If we consider the amount of ill temper, despondency, 
and general unhappiness which arises from want of 
proper digestion and assimilation of our food, it seems 
obviously well worth while to put forth every effort, and 
undergo any sacrifice, for the purpose of avoiding indigestion, 
with its resulting bodily ills; and yet year after year, from 
the cradle to the grave, we go on violating the plainest and 
simplest laws of health at the temptation of Cooks, caterers, 
and confectioners, whose share in shortening the average 
term of human life is probably nearly equal to that of the 
combined armies and navies of the world.

Almost every human malady is connected, 
either by highway or byway, with the stomach.
                                  —Sir Francis Head.

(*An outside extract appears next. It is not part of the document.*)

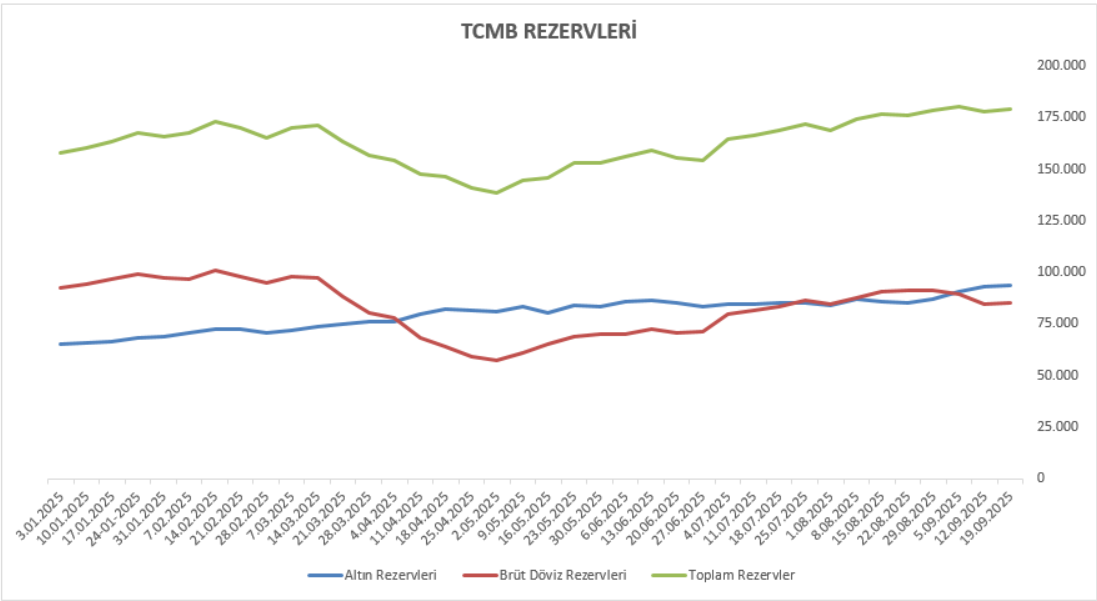 Rezervler tarafına bakıldığında ise Ağustos ayının son haftasından 19 Eylül ile biten haftaya kadarki süreçte altın rezervlerinde 6,42 milyar dolar artış yaşanırken döviz rezervlerinde 5,93 milyar dolarlık azalış dikkat çekmektedir. Toplam rezervler ise bu dönemde 0,5 milyar dolarlık artış kaydetmiştir.

It is a well-established fact that a leg of mutton 
caused a revolution in the affairs of Europe. 
Just before the battle of Leipsic, Napoleon the 
Great insisted on dining on boiled mutton, 
although his physicians warned him that it would 
disagree with him. The emperor's brain resented 
the liberty taken with its colleague, the stomach; 
the monarch's equilibrium was overturned, the 
battle lost, and a new page opened in history.

Cattle know when to go home from grazing, 
but a foolish man never knows his stomachs measures.
                               --Scandinavian Proverb.

The kitchen (that is, your stomach) being out of order, 
the garret (the head) cannot be right, and every room 
in the house becomes affected. Remedy the evil in the 
kitchen, and all will be right in parlor and chamber. 
If you put improper food into the stomach, you play the 
mischief with it, and with the whole machine besides.

One fourth of what we eat keeps us, and the other three 
fourths we keep at the peril of our lives.